To further test the chemokine’s ability to detect TCMR, we excluded cases with ABMR and mixed rejection from further analysis. There were 9 cases of TCMR and 73 cases of normal or other histology. ROC analysis of CXCL9/cre and CXCL10/cre showed AUC values of 0.67 (95% CI 0.47–0.86, P>0.05) and 0.61 (95% CI 0.35–0.86, P>0.05), respectively, revealing a poor ability to identify pure TCMR from normal or other histology lesions. We removed all polyoma BK cases (n=5) from further analysis, but this did not improve CXCL9/cre and CXCL10/cre values significantly (CXCL9/cre ROC AUC 0.68 and CXCL10/cre ROC AUC 0.63, but P>0.05).

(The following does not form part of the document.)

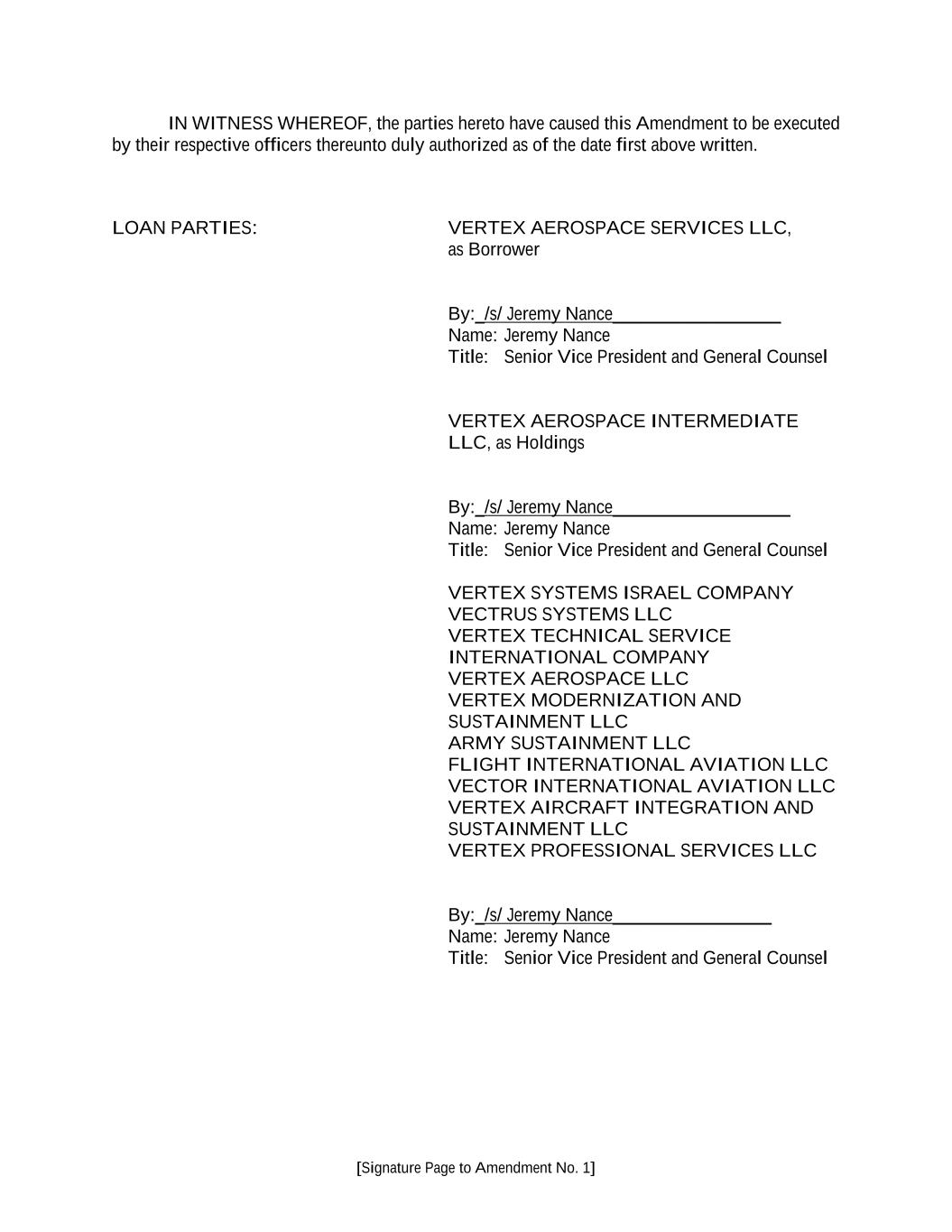[Signature Page to Amendment No. 1] IN WITNESS WHEREOF, the parties hereto have caused this Amendment to be executed by their respective officers thereunto duly authorized as of the date first above written. LOAN PARTIES: VERTEX AEROSPACE SERVICES LLC, as Borrower By:_/s/ Jeremy Nance__________________ Name: Jeremy Nance Title: Senior Vice President and General Counsel VERTEX AEROSPACE INTERMEDIATE LLC, as Holdings By:_/s/ Jeremy Nance___________________ Name: Jeremy Nance Title: Senior Vice President and General Counsel VERTEX SYSTEMS ISRAEL COMPANY VECTRUS SYSTEMS LLC VERTEX TECHNICAL SERVICE INTERNATIONAL COMPANY VERTEX AEROSPACE LLC VERTEX MODERNIZATION AND SUSTAINMENT LLC ARMY SUSTAINMENT LLC FLIGHT INTERNATIONAL AVIATION LLC VECTOR INTERNATIONAL AVIATION LLC VERTEX AIRCRAFT INTEGRATION AND SUSTAINMENT LLC VERTEX PROFESSIONAL SERVICES LLC By:_/s/ Jeremy Nance_________________ Name: Jeremy Nance Title: Senior Vice President and General Counsel

CXCL/CRE IN POLYOMA BK NEPHROPATHY CASES:

From 117 kidney transplant recipients, 5 (4.3%) had biopsy-proven BK nephropathy. The median CXCL9/cre and CXCL10/cre levels were 9.91 [IQR 3.58–24.49] ng/mmol and 4.94 [IQR 1.10–18.88] ng/mmol, respectively. Levels of both chemokines were significantly higher in BK nephropathy compared to normal histology (P<0.05) but did not differ significantly from the rejection group.

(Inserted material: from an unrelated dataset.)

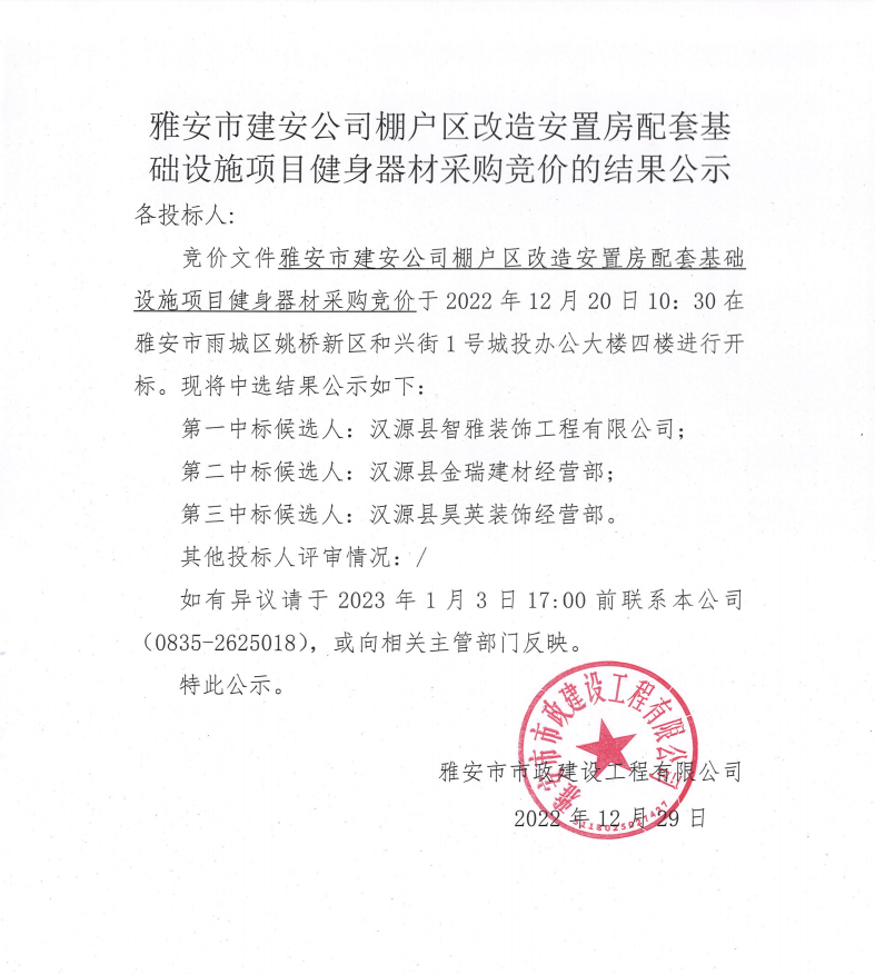 雅安市建安公司棚戶區(qū)改造安置房配套基礎(chǔ)設(shè)施項(xiàng)目健身器材采購競價(jià)結(jié)果公示

CASES WITH LOW CXCL/CRE AND BIOPSY-PROVEN TRANSPLANT REJECTION:

A total of 7 patients with biopsy-proven kidney transplant rejection had CXCL9/cre levels <0.11 ng/mmol (subsequently referred to as “low CXCL9/cre”), while 10 patients with biopsy-proven kidney transplant rejection had CXCL10/cre levels lower than 0.42 ng/mmol (subsequently referred to as “low CXCL10/cre”) – CXCL “false-negative” cases. However, none of those patients reached an ESRD of 11.5 during the median follow-up period [IQR 1.75–47.7], while in cases with increased CXCL9/cre and increased CXCL10/cre levels, 41.2% and 36.8% of patients reached ESKD, respectively.

In 40 cases with CXCL9/cre <0.11 ng/mmol (the cut-off value suggested by ROC), 82.5% did not have rejection on histology, but there were 3 cases of ABMR, 2 cases of T cell-mediated rejection, and 2 cases of mixed rejection, and those diagnoses may have been missed without a kidney biopsy.

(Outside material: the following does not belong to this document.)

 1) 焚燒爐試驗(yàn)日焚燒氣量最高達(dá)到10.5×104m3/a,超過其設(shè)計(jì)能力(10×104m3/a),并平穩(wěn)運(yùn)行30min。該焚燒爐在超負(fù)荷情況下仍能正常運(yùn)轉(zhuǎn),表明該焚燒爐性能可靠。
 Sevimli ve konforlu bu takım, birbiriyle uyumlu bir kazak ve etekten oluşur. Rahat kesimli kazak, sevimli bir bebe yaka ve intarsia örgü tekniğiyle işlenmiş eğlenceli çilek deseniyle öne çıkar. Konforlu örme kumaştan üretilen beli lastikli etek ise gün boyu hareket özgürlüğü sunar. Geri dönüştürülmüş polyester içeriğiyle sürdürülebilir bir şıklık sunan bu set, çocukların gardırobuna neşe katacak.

In 47 cases with CXCL10/cre <0.42 ng/mmol (the cut-off value with best sensitivity and specificity), 78.7% of cases did not have rejection, but 5 cases of ABMR, 3 cases of TCMR, and 2 cases of mixed rejection may have been missed without a biopsy.

Using a combination of CXCL9/cre and CXCL10/cre with higher than cut-off values as an indication for kidney biopsy, 3 cases of ABMR, 2 cases of TCMR, and only 1 case of mixed rejection would have been missed without a biopsy.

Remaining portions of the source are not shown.